Recorded information →

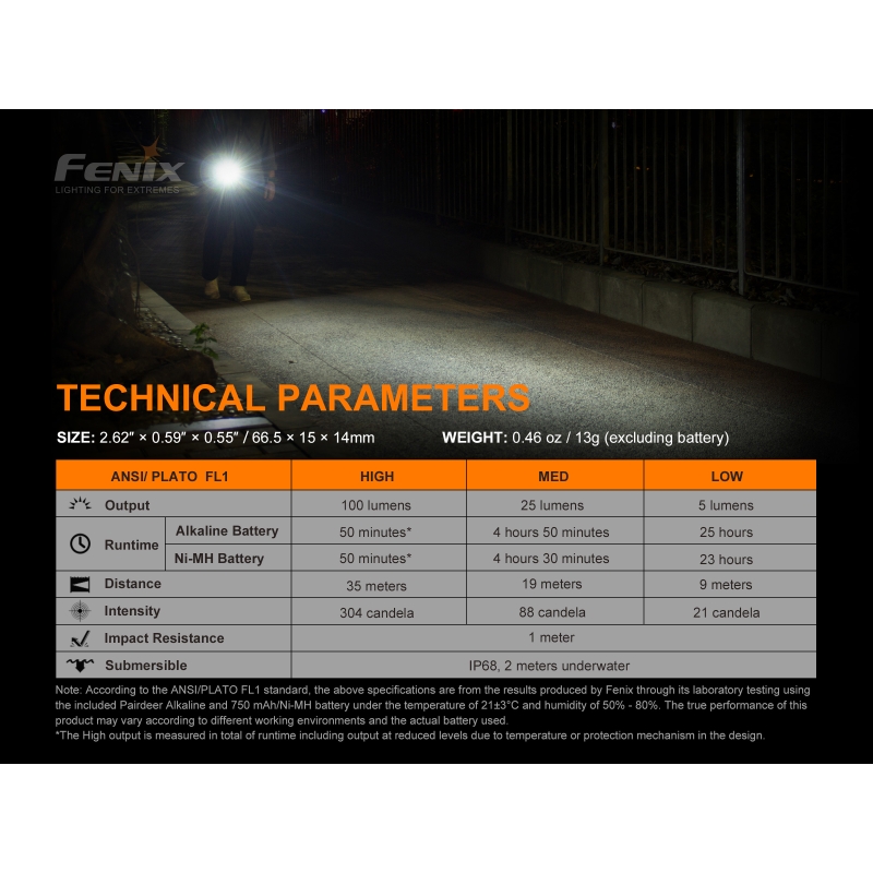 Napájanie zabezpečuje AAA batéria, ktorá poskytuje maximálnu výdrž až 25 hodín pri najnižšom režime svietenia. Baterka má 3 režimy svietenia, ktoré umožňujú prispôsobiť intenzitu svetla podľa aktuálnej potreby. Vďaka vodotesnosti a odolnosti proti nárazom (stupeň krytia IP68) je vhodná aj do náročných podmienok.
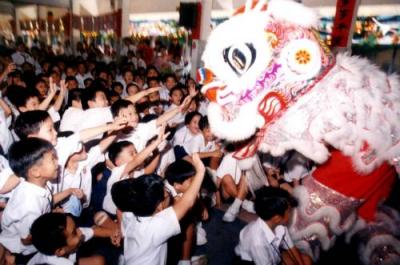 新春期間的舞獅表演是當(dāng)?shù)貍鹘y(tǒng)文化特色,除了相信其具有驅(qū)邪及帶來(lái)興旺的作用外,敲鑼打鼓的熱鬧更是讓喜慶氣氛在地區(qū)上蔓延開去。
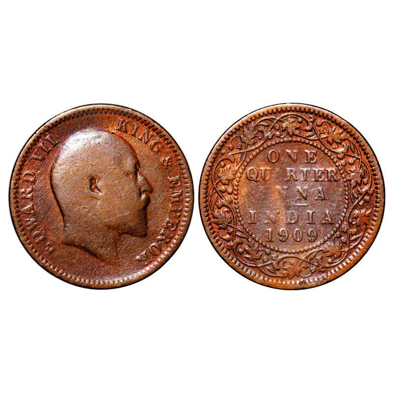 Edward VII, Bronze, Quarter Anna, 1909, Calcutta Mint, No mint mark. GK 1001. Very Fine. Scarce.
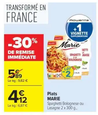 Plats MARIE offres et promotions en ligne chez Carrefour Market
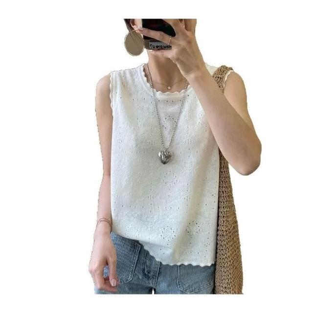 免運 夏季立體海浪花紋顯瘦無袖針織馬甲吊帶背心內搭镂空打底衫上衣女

Directions →
For every line above, produce an exact transcription that omits the images.

Written reply →
 Napájanie zabezpečuje AAA batéria, ktorá poskytuje maximálnu výdrž až 25 hodín pri najnižšom režime svietenia. Baterka má 3 režimy svietenia, ktoré umožňujú prispôsobiť intenzitu svetla podľa aktuálnej potreby. Vďaka vodotesnosti a odolnosti proti nárazom (stupeň krytia IP68) je vhodná aj do náročných podmienok.
 新春期間的舞獅表演是當(dāng)?shù)貍鹘y(tǒng)文化特色,除了相信其具有驅(qū)邪及帶來(lái)興旺的作用外,敲鑼打鼓的熱鬧更是讓喜慶氣氛在地區(qū)上蔓延開去。
 Edward VII, Bronze, Quarter Anna, 1909, Calcutta Mint, No mint mark. GK 1001. Very Fine. Scarce.
 Plats MARIE offres et promotions en ligne chez Carrefour Market
 免運 夏季立體海浪花紋顯瘦無袖針織馬甲吊帶背心內搭镂空打底衫上衣女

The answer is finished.